Mask size compared to image size affects tracking

yoxu515 / aot-benchmark

An efficient modular implementation of Associating Objects with Transformers for Video Object Segmentation in PyTorch

BSD 3-Clause "New" or "Revised" License

608 stars 108 forks source link

Mask size compared to image size affects tracking #46

Open rihns38 opened 1 year ago

rihns38 commented 1 year ago

Hi,

I have images where the masks are quite small and "round-ish" compared to the total size of the image itself (approx 400 small masks per image and still a decent amount of background). When I try to use the demo.py on the original image and masks, the tracking doesn't work to well.

However, when I crop the original image so that the size of the masks is much larger compared to the total size of the image (approx 10 large masks and some background), the tracking works much better.

Is there a way to change that "mask scaling factor" so that it works on my original images?

Thanks, Renaud

yoxu515 commented 1 year ago

Hi, may I know which AOT model you use? You can change the --max_resolution for eval.py, which scales up the resolutions of frames and masks, as well as the feature maps in AOT engine. However, a large resolution may be extremely heavy to process, which will need lots of memory and be very slow.

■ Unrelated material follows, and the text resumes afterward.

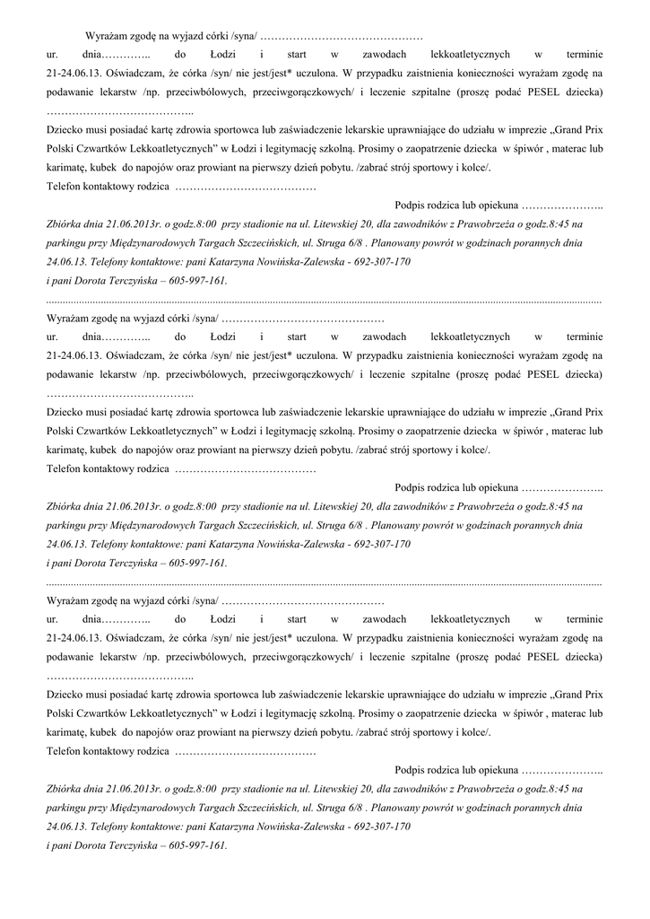Wyrażam zgodę na wyjazd córki /syna/ ……………………………………… ur. dnia………….. do Łodzi i start w zawodach lekkoatletycznych w terminie 21-24.06.13. Oświadczam, że córka /syn/ nie jest/jest* uczulona. W przypadku zaistnienia konieczności wyrażam zgodę na podawanie lekarstw /np. przeciwbólowych, przeciwgorączkowych/ i leczenie szpitalne (proszę podać PESEL dziecka) ………………………………….. Dziecko musi posiadać kartę zdrowia sportowca lub zaświadczenie lekarskie uprawniające do udziału w imprezie „Grand Prix Polski Czwartków Lekkoatletycznych” w Łodzi i legitymację szkolną. Prosimy o zaopatrzenie dziecka w śpiwór , materac lub karimatę, kubek do napojów oraz prowiant na pierwszy dzień pobytu. /zabrać strój sportowy i kolce/. Telefon kontaktowy rodzica ………………………………… Podpis rodzica lub opiekuna ………………….. Zbiórka dnia 21.06.2013r. o godz.8:00 przy stadionie na ul. Litewskiej 20, dla zawodników z Prawobrzeża o godz.8:45 na parkingu przy Międzynarodowych Targach Szczecińskich, ul. Struga 6/8 . Planowany powrót w godzinach porannych dnia 24.06.13. Telefony kontaktowe: pani Katarzyna Nowińska-Zalewska - 692-307-170 i pani Dorota Terczyńska – 605-997-161. ............................................................................................................................................................................................................ Wyrażam zgodę na wyjazd córki /syna/ ……………………………………… ur. dnia………….. do Łodzi i start w zawodach lekkoatletycznych w terminie 21-24.06.13. Oświadczam, że córka /syn/ nie jest/jest* uczulona. W przypadku zaistnienia konieczności wyrażam zgodę na podawanie lekarstw /np. przeciwbólowych, przeciwgorączkowych/ i leczenie szpitalne (proszę podać PESEL dziecka) ………………………………….. Dziecko musi posiadać kartę zdrowia sportowca lub zaświadczenie lekarskie uprawniające do udziału w imprezie „Grand Prix Polski Czwartków Lekkoatletycznych” w Łodzi i legitymację szkolną. Prosimy o zaopatrzenie dziecka w śpiwór , materac lub karimatę, kubek do napojów oraz prowiant na pierwszy dzień pobytu. /zabrać strój sportowy i kolce/. Telefon kontaktowy rodzica ………………………………… Podpis rodzica lub opiekuna ………………….. Zbiórka dnia 21.06.2013r. o godz.8:00 przy stadionie na ul. Litewskiej 20, dla zawodników z Prawobrzeża o godz.8:45 na parkingu przy Międzynarodowych Targach Szczecińskich, ul. Struga 6/8 . Planowany powrót w godzinach porannych dnia 24.06.13. Telefony kontaktowe: pani Katarzyna Nowińska-Zalewska - 692-307-170 i pani Dorota Terczyńska – 605-997-161. ............................................................................................................................................................................................................ Wyrażam zgodę na wyjazd córki /syna/ ……………………………………… ur. dnia………….. do Łodzi i start w zawodach lekkoatletycznych w terminie 21-24.06.13. Oświadczam, że córka /syn/ nie jest/jest* uczulona. W przypadku zaistnienia konieczności wyrażam zgodę na podawanie lekarstw /np. przeciwbólowych, przeciwgorączkowych/ i leczenie szpitalne (proszę podać PESEL dziecka) ………………………………….. Dziecko musi posiadać kartę zdrowia sportowca lub zaświadczenie lekarskie uprawniające do udziału w imprezie „Grand Prix Polski Czwartków Lekkoatletycznych” w Łodzi i legitymację szkolną. Prosimy o zaopatrzenie dziecka w śpiwór , materac lub karimatę, kubek do napojów oraz prowiant na pierwszy dzień pobytu. /zabrać strój sportowy i kolce/. Telefon kontaktowy rodzica ………………………………… Podpis rodzica lub opiekuna ………………….. Zbiórka dnia 21.06.2013r. o godz.8:00 przy stadionie na ul. Litewskiej 20, dla zawodników z Prawobrzeża o godz.8:45 na parkingu przy Międzynarodowych Targach Szczecińskich, ul. Struga 6/8 . Planowany powrót w godzinach porannych dnia 24.06.13. Telefony kontaktowe: pani Katarzyna Nowińska-Zalewska - 692-307-170 i pani Dorota Terczyńska – 605-997-161.

rihns38 commented 1 year ago

Hi,

Thanks for the fast reply.

I am using the "R50_AOTL_PRE_YTB_DAV.pth" model.

Our images are 1040x1408 pix and our mask size range is [300-3000]pix.

In demo.py I see: 259 parser.add_argument('--max_resolution', type=float, default=480 1.3) 276 cfg.TEST_MAX_SIZE = args.max_resolution 800. / 480.

What numbers do you recommend to change the default max resolution to of the lines above considering our image/mask size?

Thanks, Renaud

yoxu515 commented 1 year ago

I think there are two factors:

Your GPU memory. A large size may lead to out of memory error. You may try 1.4, 1.5... until reaching the limit of the upper bound of your GPU memory.
The length of your video. AOT-L keeps adding new memory frames so the memory will keep growing. You can modify the TEST_LONG_TERM_MEM_GAP from 5 to a larger value, or try DeAOT-B or smaller models which only use the first frame and a previous frame as memory. BTW, DeAOT models are better than AOT, and runs with less memory and better performance.

rihns38 commented 1 year ago

Which of the DeAOT model would you recommend using? I tried SwinB-DeAOTL and it worked much better than AOT :) Any other tips for videos where objects are appearing in the center of the field of view from one frame to another?

Thanks

yoxu515 commented 1 year ago

If you only care about performance, choosing SwinB-DeAOTL should be fine. These models are mainly about performance and speed trade-off. If you are sure that objects only appear in the center, you may crop the frames and resize the cropped region to a larger resolution, which may benefit small objects.